With this in mind, buying a home is a time-consuming task. For detailed tips on what you need to know before buying a home, review the sections below.
Homebuyers purchase mortgage loans as an alternative to paying the full cost of a property upfront. As with any loan, homeowners must pay monthly installments toward their loan that covers the cost of the property and the interest rate.
Typically, home loans have lower interest rates. However, the length of mortgage loans span much longer than other types of loans. Homebuyers have the option to get a fixed rate, which stays the same for the length of the loan, or an adjustable rate, which can change over time.
The process of getting a loan also involves putting a down payment of 10 to 20 percent of the property’s sale price. Many lenders allow buyers with excellent credit to pay no upfront costs or as little as 3.5 percent for a down payment. Additional costs associated with buying a home include homeowner’s insurance and property taxes.
There are several types of home loans for which you can qualify. The loan you choose should be based on your financial situation. For instance, there are federal grants that allow homebuyers with scores at 580 and higher to qualify for loans. The U.S. Department of Housing and Urban Development (HUD) offers loans that are sponsored by the Federal Housing Administration (FHA).
It is important to note that recipients of HUD home loans must pay upfront mortgage insurance premium (MIP) due to the low down payments. Homebuyers must pay a portion of it at closing and the rest as an annual premium.
Having a good credit score is imperative to buying a home. Mortgage lenders take on a lot of risk when they finance the full cost of a home because they have no guarantee that the borrower will pay it back. As such, they typically require homebuyers to pay a down payment.
If you intend on buying a home with no money down, this will require a very high credit score. This is because your credit score indicates how reliable you are as a borrower. The higher your score, the better loans and interest rates you will qualify for.
Furthermore, if a lender approves you for a down payment at zero percent, then you may also be eligible for additional savings, such as cash reward when closing on the property. However, if you have a lower credit, you will likely pay a high interest rate and down payment.
In order to buy a home without paying a down payment, you must work on reducing your credit utilization and improving your score.
The first step in increasing your credit score is by checking your credit report. The report includes detailed information on your credit history, such as open credit lines, credit utilization ratio and late payment history.
Your credit score, on the other hand, is simply a numerical value that reflects the information listed in the report. As such, to fix the score, you must review the report first as that will provide the source of the low score.
Everyone is entitled to one free credit report annually from the three credit bureaus: TransUnion, Equifax and Experian. You can obtain your free copy by visiting the Federal Trade Commission’s website or calling them. There are also third parties who provide credit reports. However, they often charge for this service and may only provide a report from one of the credit bureauses instead of the three.
Once you obtain the credit report, verify that all the listed information is correct. If your report has inaccurate information, such as an account you do not have or a late payment, it is imperative that you report the error immediately.

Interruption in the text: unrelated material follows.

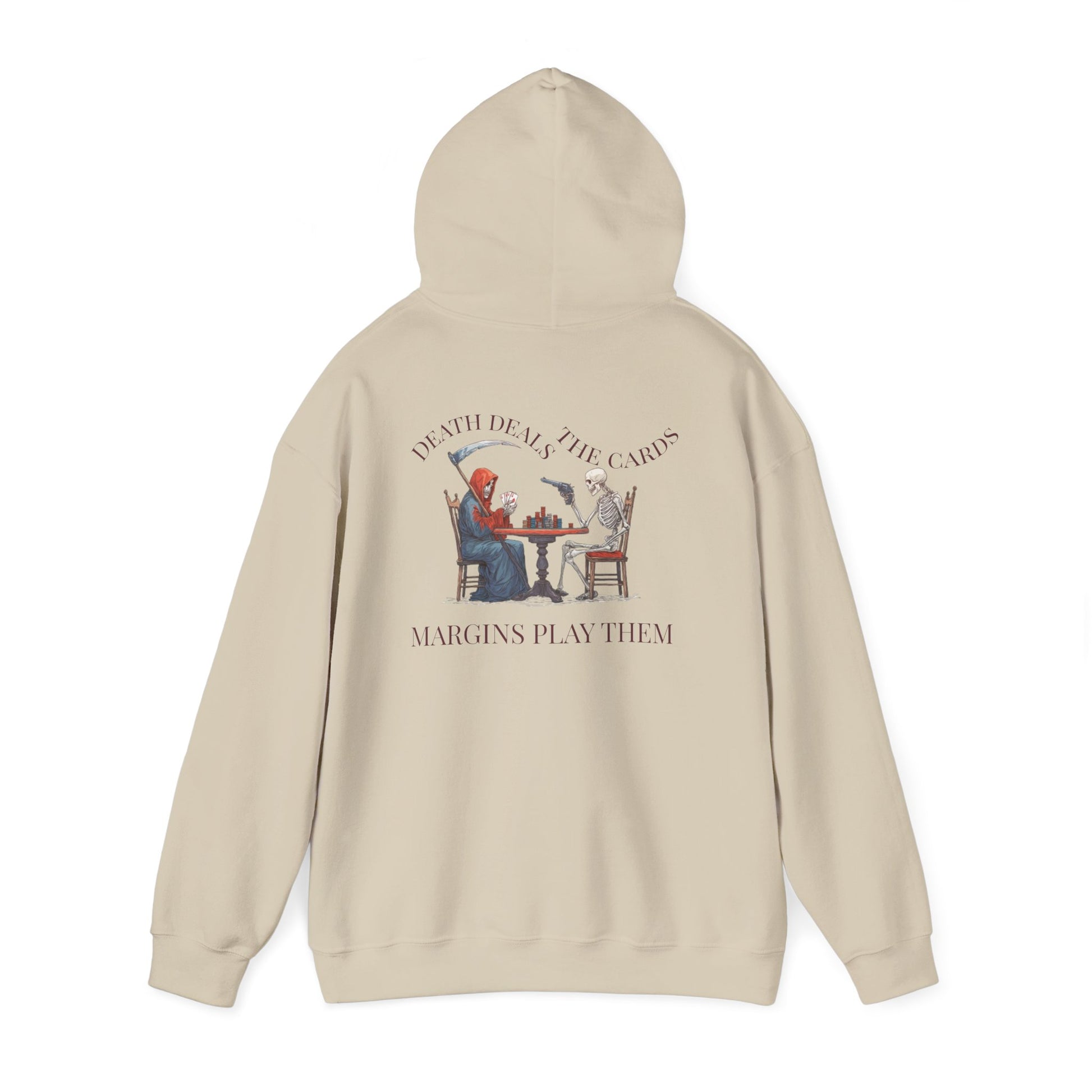 Step into the high-stakes world where risk meets reward. The “Death Deals the Cards, Margins Play Them” hoodie embodies the spirit of calculated risk-taking and unwavering confidence. Featuring a striking back graphic of Death at the card table, this design channels classic Western grit with a modern edge — a reminder that while fate may deal the hand, it’s in the margins where the true game is won.

Incorrect information can cause your credit score to drop and lead to you paying more for loans than you should. If everything is correct, see if you have any past due bills to pay that could be hurting your score.
To improve your credit score, there are several steps you can take. The first is paying all your bills on time. Making timely payments is the biggest factor influencing your credit score. The second biggest factor is your credit utilization.
A good rule of thumb is to only use 30 percent of your available credit. Using too much of your credit indicates to lenders that you are an impulsive spender.
The score you need to obtain a good mortgage loan will depend on the lender and several other factors. For instance, some lenders require scores that are at least 740 while others may accept 690 and higher. With this in mind, you should aim for a high credit score, as you will pay less for your home upfront and over time.
Note: If a lender denied your home loan application, he or she is required by law to send a notice explaining the decision. You also have the right to request one within 60 days of the denial notification, if you do not receive the notice. This notice can help you understand what factors influenced your application and how you can improve.